Prof. Anna Krylov
Anna Krylov is a Professor of Chemistry at the University of Southern California working in the area of theoretical and computational quantum chemistry. She received her M.Sc. in Chemistry from Moscow State University and her Ph.D from The Hebrew University of Jerusalem. Upon completing her Ph.D. in 1996, she joined Prof. Martin HeadGordon’s group at the University of California, Berkeley, as a postdoctoral research associate. In 1998 she joined the Department of Chemistry at USC. She has co-authored more than 120 publications and has delivered more than 130 invited lectures. She received numerous prizes, including the WATOC (World Association of Theoretical and Computational Chemists) 2007 Dirac Medal for her “outstanding research on new methods in electronic structure theory for the description of bond-breaking, in conjunction with the spin-flip method”. She also received the 2012 Theoretical Chemistry Award from the Physical Chemistry division of ACS. Professor Krylov has served on several editorial boards, organized multiple symposia and is a board member of WATOC and ISTCP. Anna is also on the Board of Directors of Q-Chem Inc, one of the world’s leading ab initio quantum chemistry programs.
Molecules and light: The story of life, death, and our quest for knowledge
Abstract Interactions between molecules and light are essential to life on Earth and chemistry in space. They play a key role in the natural and artificial harvesting of solar energy that powers our planet. On the other hand, light can damage living organisms and materials by producing electronically excited and open-shell molecular species. Interactions between molecules and light enable us to study the world around us whether we are using ordinary visual perception to see objects on a macroscopic scale, spectroscopy to examine objects on a microscopic scale or far out in space, or we are interrogating processes in live organisms with atomic-level resolution. This lecture will highlight quantum chemical aspects of the interaction of molecules with light and illustrate the role of predictive theoretical tools in developing better bioimaging probes.

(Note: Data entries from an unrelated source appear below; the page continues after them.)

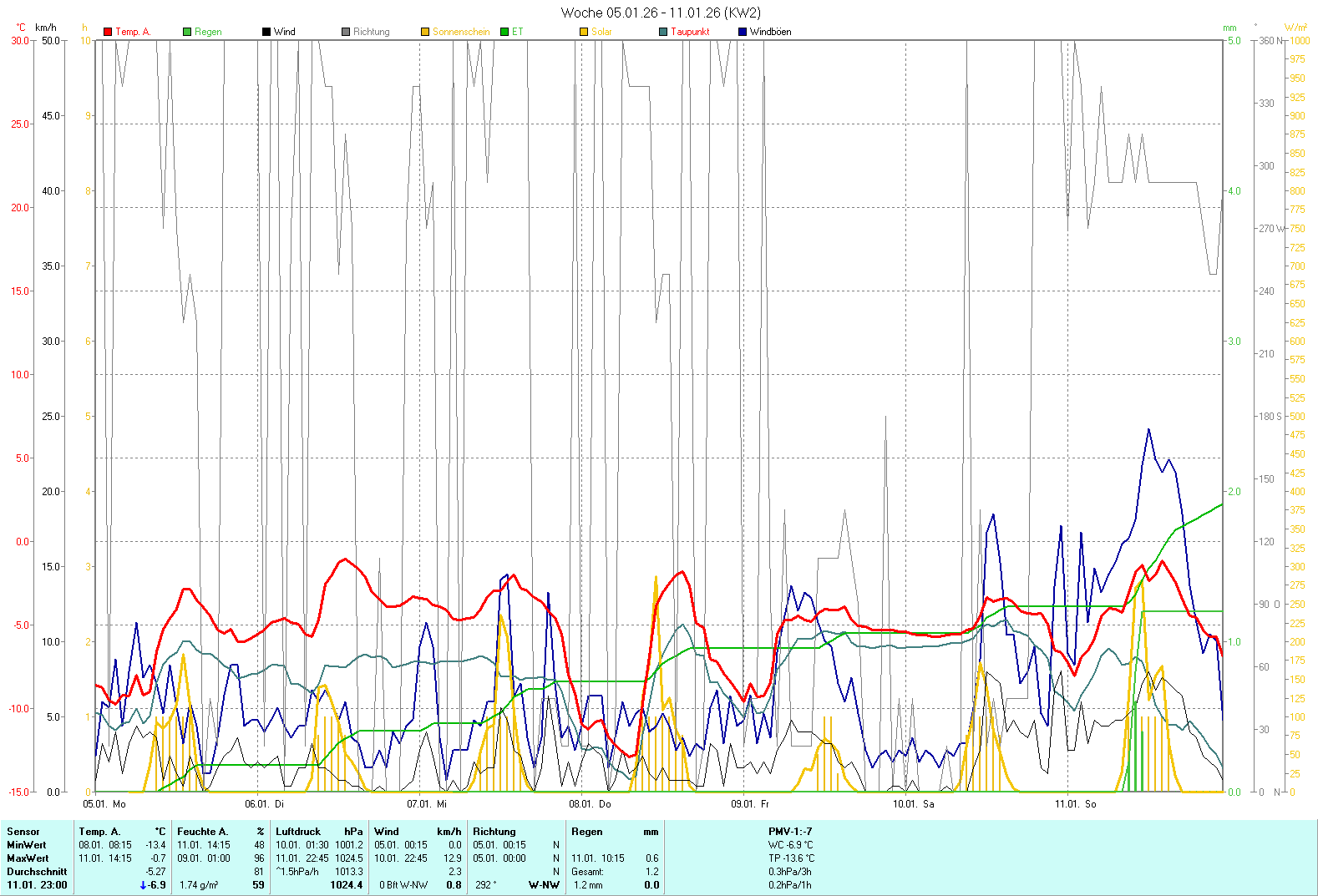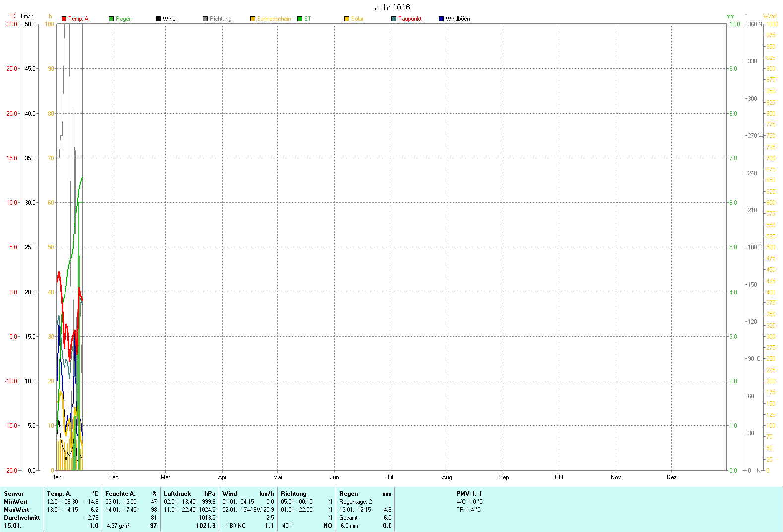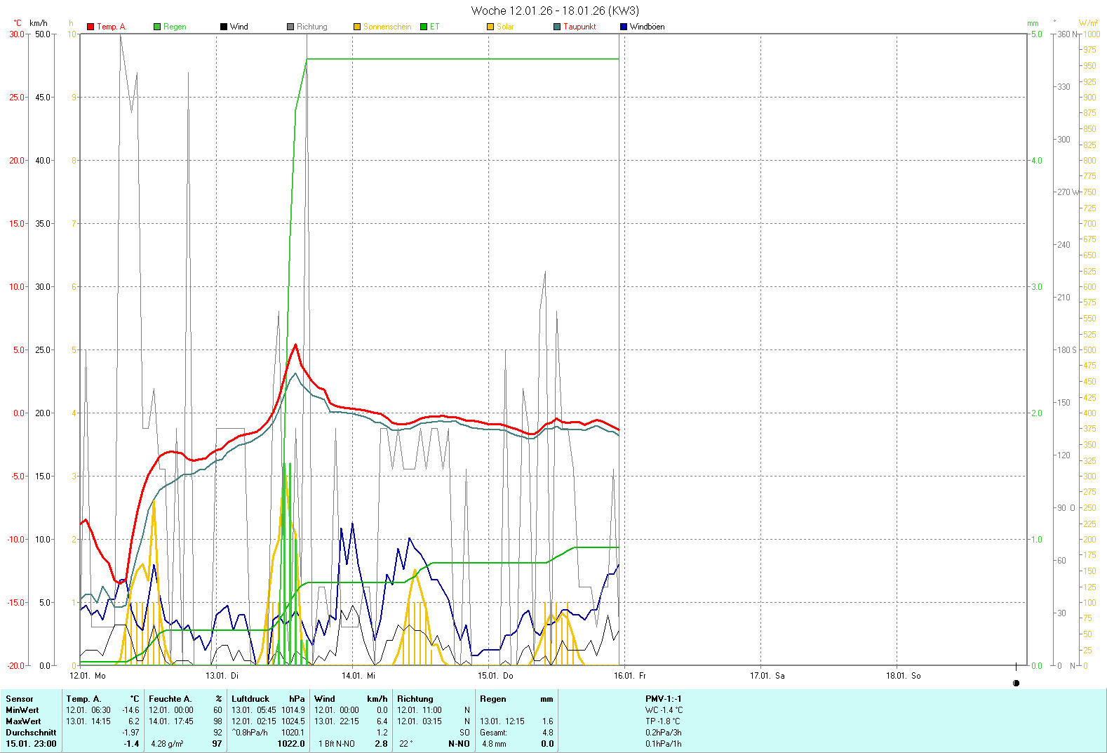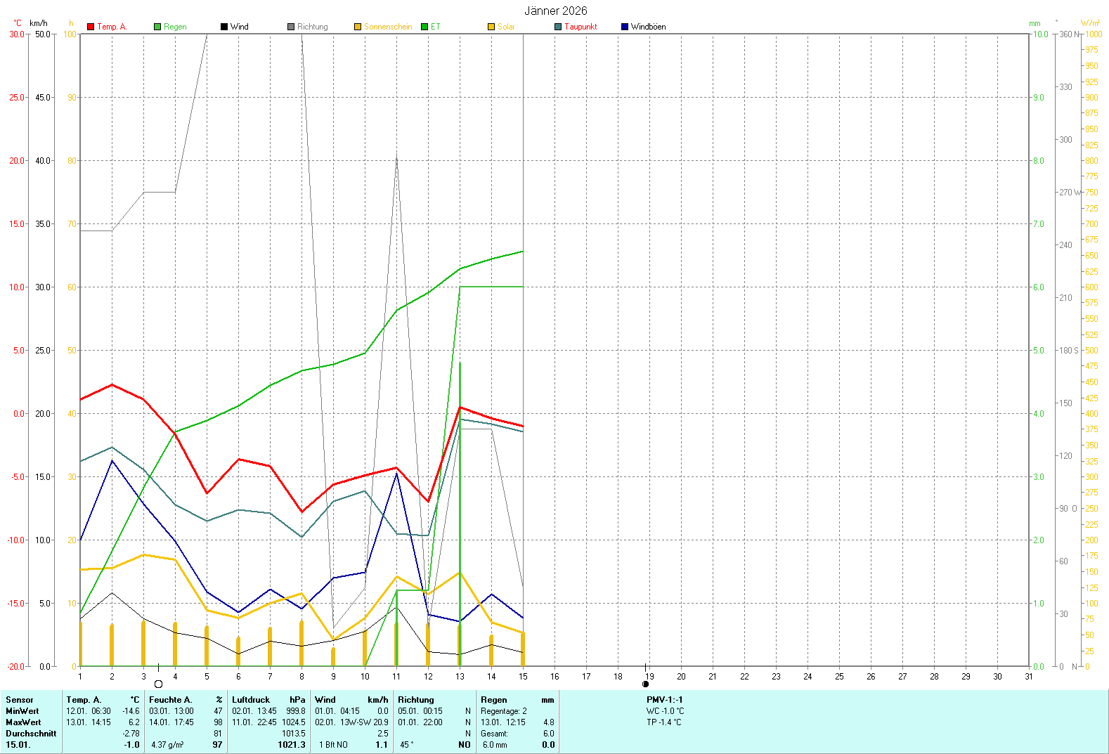 Der 1.1. war Nachmittags sonnig und abends wurde es bald wieder bewölkt. die Reste einer schwachen Front aus N/W brachten dann leichten Regen. Oberhalb der Inversionsschicht hatte es 10 Grad, bei uns blieb es im trüben zwischen -5 und -1 Grad. Am 5.1 gab es etwas Eisregen, die Temperaturen bei Nebel blieben um 0 Grad. Bis Mitte Jänner und darüber hinaus war Hochnebel / Inversion angesagt. Am 14. gab es etwas Schnee, der aber bald weg war, nachdem die Temperaturen einer frostigen Nacht bis -6 Grad wieder über 0 gestiegen waren. Ab 17.1. blieben die Temperaturen unter einer Hochnebeldecke durchgehend bei -3 Grad, oberhalb der Inversion waren es bis 6 Grad auf den Bergen westlich der Wachau. Ab 25. Jänner stiegen die Tageshöchstwerte wider gegen 5 Grad, es blieb aber beim Hochnebel. Gegen Ende des Jänner lockerte es dann immer wieder etwas auf. Nachts bei -2 Grad, Tags bis 6 Grad. Am 28.1. gab es sogar einmal 15 Grad. Für 2 Tage gab es dann Hochdruckwetter mit Sonnenschein. Die Nachttemperatur sank bis zum Morgen auf -8 Grad, tagsüber bis 7 Grad. Dann bewölkte es wieder und weiterhin trocken.
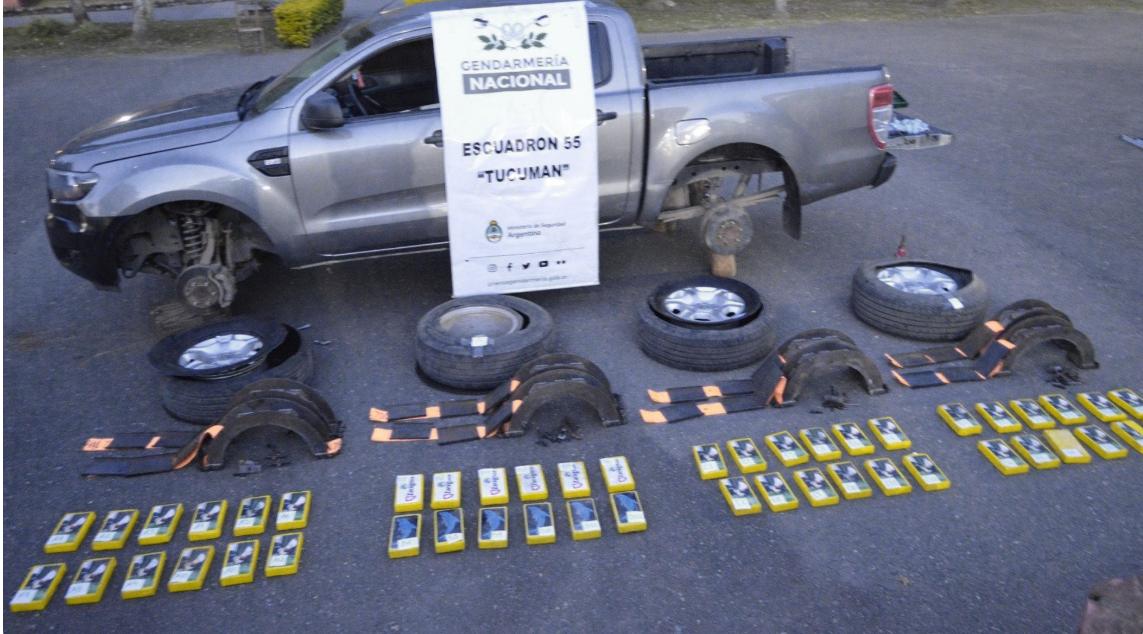 Gendarmería Nacional Argentina (GNA), dependiente del Ministerio de Seguridad Nacional detuvo a una ciudadana argentina que transportaba casi 50 kilos de cocaína ocultos en los neumáticos de una camioneta Ford Ranger.
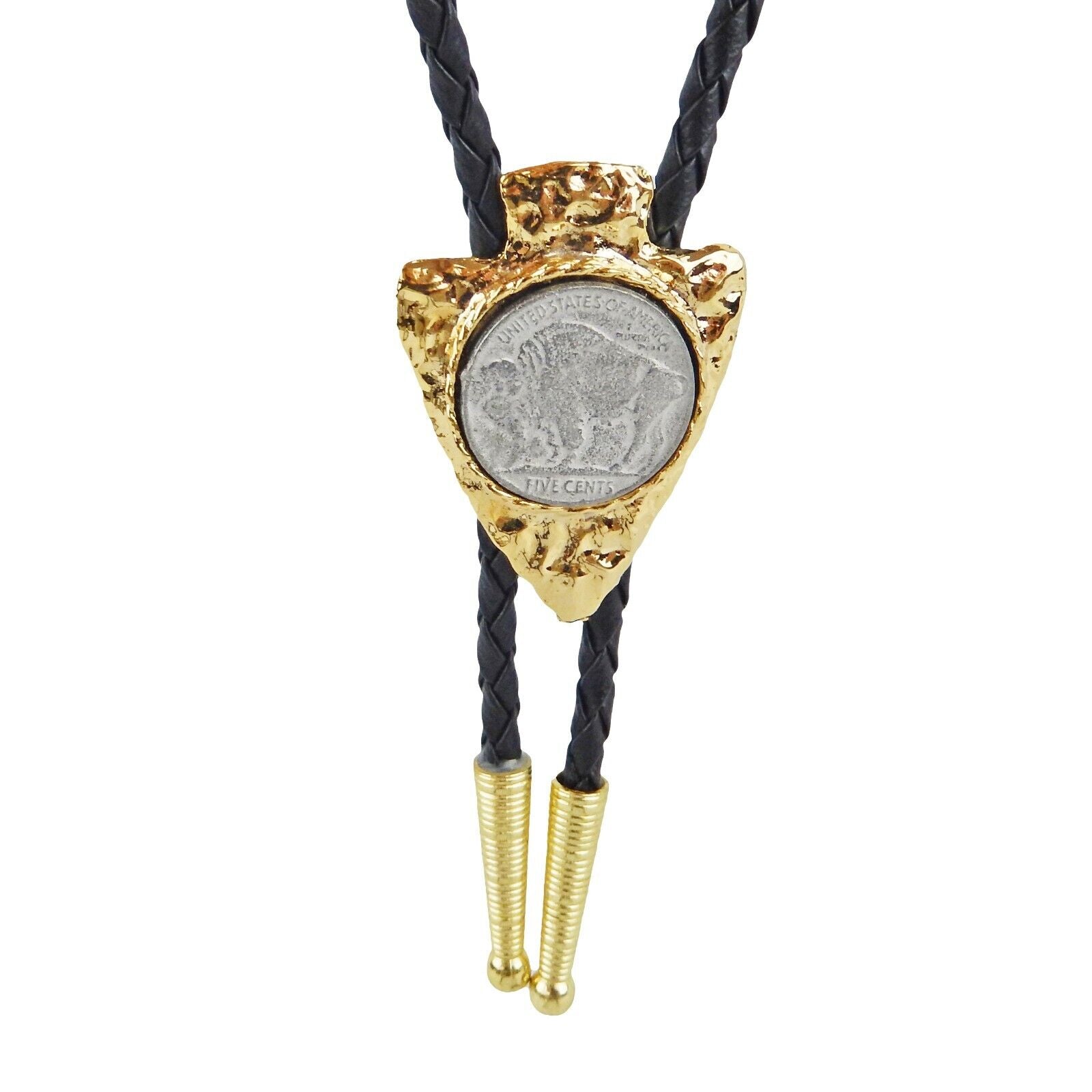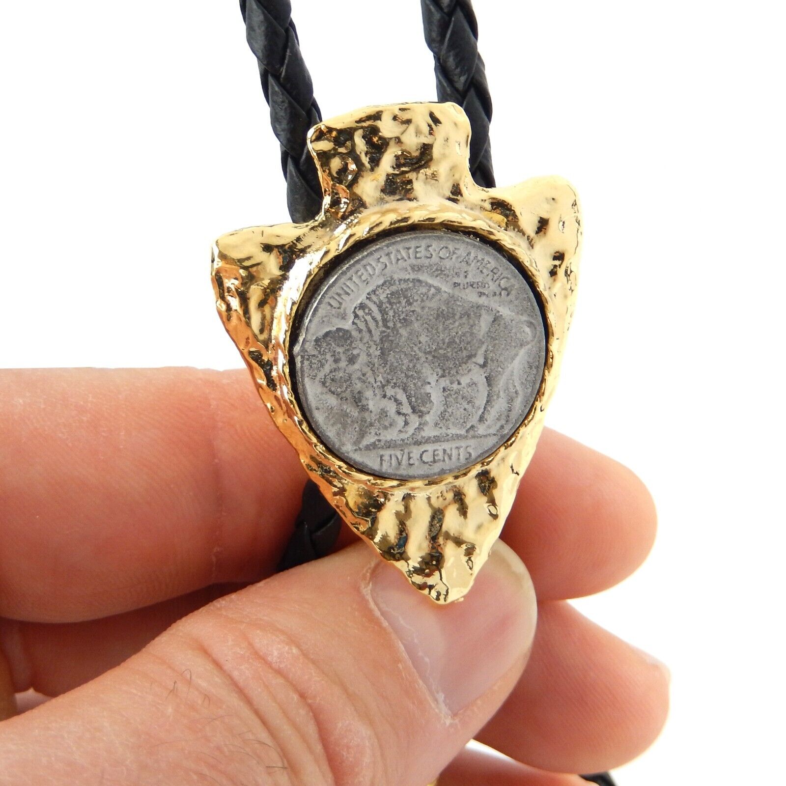 Buffalo Coin Gold Arrowhead Bolo Tie 36 inch Adjustable Braided Cord #BT-25
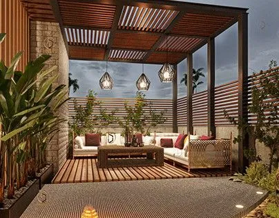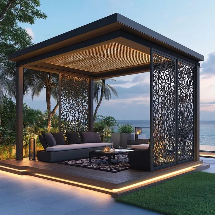 - برجولات حديدية: بتصاميم تشبه الخشب (دهانات خشبية) لدمج الصلابة مع الشكل الجمالي.
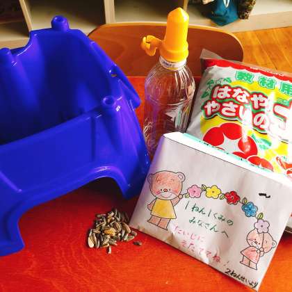 1年生は,2年生からもらったお花の種を育てるのに,水や太陽,植木鉢や土が必要だと考えました。そこで,必要なものを用意しました。
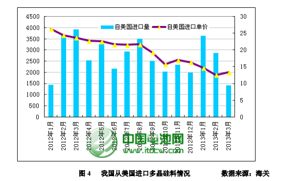 據最新海關統計數據顯示,2013 年 3 月我國多晶硅進口量為6433 噸,環比下滑 19.49%,同比大幅下滑 15.93%;進口單價方面,3 月份多晶硅進口均價較 2 月有所反彈,亦是 2013 年以來首次回升,為 19.39 美元/千克,環比增長 9.55%,同比下降 31%,較 2012 年全年均價下滑 23.5%。
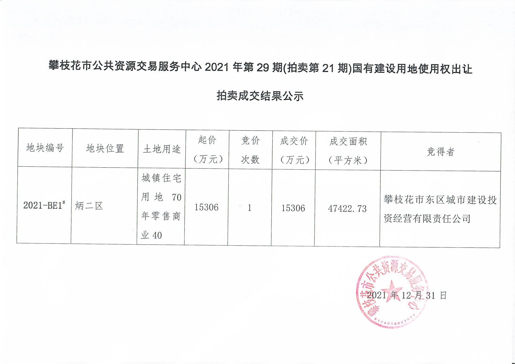 攀枝花市公共资源交易服务中心2021年第29期(拍卖第21期)国有建设用地使用权出让拍卖成交结果公示
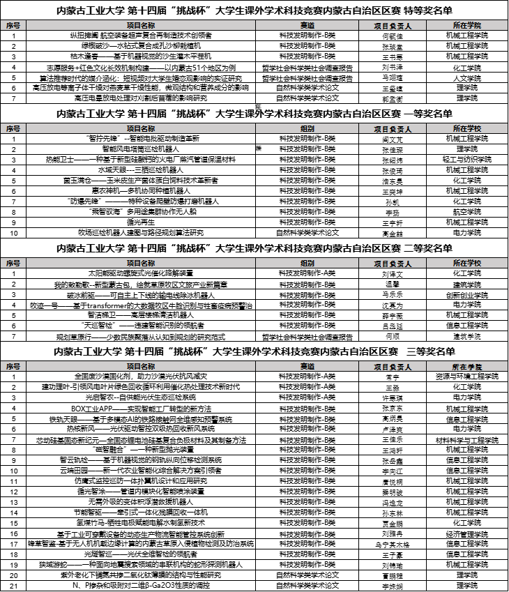 近日,内蒙古自治区第十四届“挑战杯”大学生课外学术科技作品竞赛在内蒙古大学落下帷幕。经过激烈比拼,pg娱乐团队荣获特等奖7项、一等奖10项、二等奖7项佳绩,以本科高校组团体总分第1名的总成绩再次捧起省赛最高荣誉“挑战杯”,充分展现了pg娱乐学子的科技创新和实践能力。

Ab initio approaches to electronically excited and open-shell species: Success stories and open issues
Abstract Open-shell and electronically excited species are ubiquitous in chemistry, yet their theoretical description is difficult due to inherent electronic degeneracies. This lecture will review successful approaches to ab initio modeling of multi-configurational wave-functions focusing on the equation-ofmotion coupled-cluster (EOM-CC) family of methods. Existing challenges and current developments will be discussed, in particular, the extension of EOM-CC to metastable electronic states (i.e., resonances).
Prof. Spiridoula Matsika
Spiridoula Matsika received a B.Sc. in Chemistry from the National and Kapodistrian University of Athens, Greece in 1994, and a Ph.D. in Chemical Physics from Ohio State University in 2000. After completing her Ph.D. she spent three years as a postdoctoral fellow at Johns Hopkins University. In 2003 she was appointed Assistant Professor of Chemistry at Temple University in Philadelphia, promoted to Associate Professor of Chemistry in 2009. Spiridoula Matsika was a recipient of the Presidential Fellowship at Ohio State University, and in 2005 received the National Science Foundation CAREER award. She has published 60 peer reviewed journal articles, including review articles, and book chapters, and has presented 72 invited lectures at conferences and universities. She has supervised several postdoctoral fellows, Ph.D., M.Sc. and undergraduate students in research through her tenure at Temple University. Her research focuses on the theoretical description of nonadiabatic events and conical intersections in molecular systems.
What molecules do when they get excited
When molecules interact with light they absorb energy and become excited reactive species. The transformations that occur following the absorption of light are important in life, chemistry, and solar energy production. In biology and medicine of particular importance is the interaction of UV radiation with DNA and RNA, which may lead to photochemical damage, and eventually cancer. Although photochemical damage takes place in these macromolecules, its frequency is reduced by their inherent ability to protect themselves by transforming the harmful UV radiation into harmless heat. This lecture will discuss how we use quantum chemistry to understand the photostability of DNA.
Quantum chemical studies of photoinitiated events in biological molecules
The theoretical description of photophysical and photochemical processes in molecules is challenging, since it requires accurate description of excited states and their potential energy surfaces away from the Franck Condon region. Nonadiabatic events are also essential for the description of photoinitiated processes. This talk will present progress in the quantum mechanical description of photophysical and photochemical processes, focusing on biological molecules.